1. A noise suppressor for suppressing audio signal background noise, characterized in that it comprises:

a signal-to-noise ratio (SNR) estimator for generating channel SNR estimates for a first predefined set of frequency channels of the audio signal;

a gain estimator for generating a gain factor for each of said frequency channels based on a corresponding one of said channel SNR estimators, wherein said gain factor is derived using a gain function defining the gain factor as an SNR increasing function;

a gain adjuster for adjusting the gain level of each of said frequency channels according to one of said corresponding gain factors; and

A speech detector for determining the presence of speech in the audio signal, wherein the speech detector utilizes an estimator and a rate decision unit to detect the presence of speech.

2. The noise suppressor of claim 1, wherein said gain function is frequency dependent.

3. The noise suppressor according to claim 1, characterized in that said gain function is implemented as a look-up table.

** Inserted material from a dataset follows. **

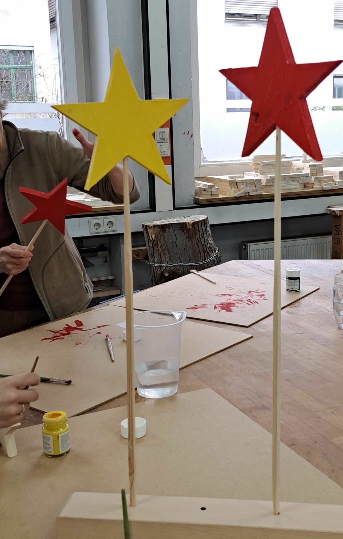 Die Schüler*innen hatten die Möglichkeit Praxisluft im BAZ Esslingen zu schnuppern. Dabei lernten sie verschiedene Berufsfelder kennen, erhielten Einblicke in die erforderlichen Fähigkeiten und probierten die Tätigkeiten selbst aus. In diesem Jahr standen die Berufsfelder Holz und Gestaltung, Küche und Hauswirtschaft sowie der Verkauf auf dem Programm. So wurden Holzsterne angefertigt und Weihnachtsplätzchen gebacken. Für den Verkauf der selbst hergestellten Produkte entwarfen die Schüler*innen Verkaufsplakate, die sie dann zur Vermarktung der Waren verwendeten.

4. The noise suppressor of claim 1, wherein said gain function is a linear function with a fixed slope and y-intercept.

5. The noise suppressor of claim 4, wherein said y-intercept is user selectable.

6. The noise suppressor of claim 4, wherein the y-intercept is adjusted based on a measured characteristic of noise within the audio signal.

7. The noise suppressor of claim 4, wherein said slope is user selectable.

8. The noise suppressor of claim 4, wherein said slope is adjusted based on a measured characteristic of noise within said audio signal.

9. The noise suppressor of claim 1, further comprising:

a noise energy estimator for generating an updated channel noise energy estimate for each of said frequency channels when said speech detector determines that there is no speech within said audio signal, said updated channel noise energy estimate being provided to said an SNR estimator to generate the channel SNR estimate.

10. The noise suppressor of claim 9, wherein said speech detector comprises:

a signal-to-noise ratio (SNR) estimator for generating channel SNR estimates for a second predefined set of frequency channels of the audio signal;

A voice judging unit, configured to determine whether there is voice according to the estimated channel SNR of the second frequency channel group.

11. The noise suppressor as claimed in claim 10, wherein said voice detector further comprises:

a mode metric unit for determining at least one mode metric characterizing said audio signal;

Wherein the speech determination unit determines the presence of speech based on the at least one pattern metric.

12. The noise suppressor of claim 11, wherein the pattern metric comprises a normalized autocorrelation function (NACF) metric.

13. A noise suppressor for suppressing background noise of an audio signal, characterized in that it comprises:

means for detecting an encoding rate associated with said audio signal, wherein said audio signal is encoded according to an encoding rate;

means for determining whether speech is present in said audio signal based on a coding rate;

means for generating a channel signal-to-noise ratio (SNR) estimate for a predefined set of frequency channels of the audio signal;

means for determining a gain factor for each of said frequency channels if said means for determining whether speech is present in said audio signal determines that speech is present, wherein a gain function is defined for each of a set of frequency bands, and for each of said The frequency band defines a gain factor that increases as the SNR increases, and the channel gain factor is determined according to a gain function that ranges over a frequency band that includes the frequency channel; and

means for adjusting the gain level of each of said frequency channels according to said corresponding channel gain factor.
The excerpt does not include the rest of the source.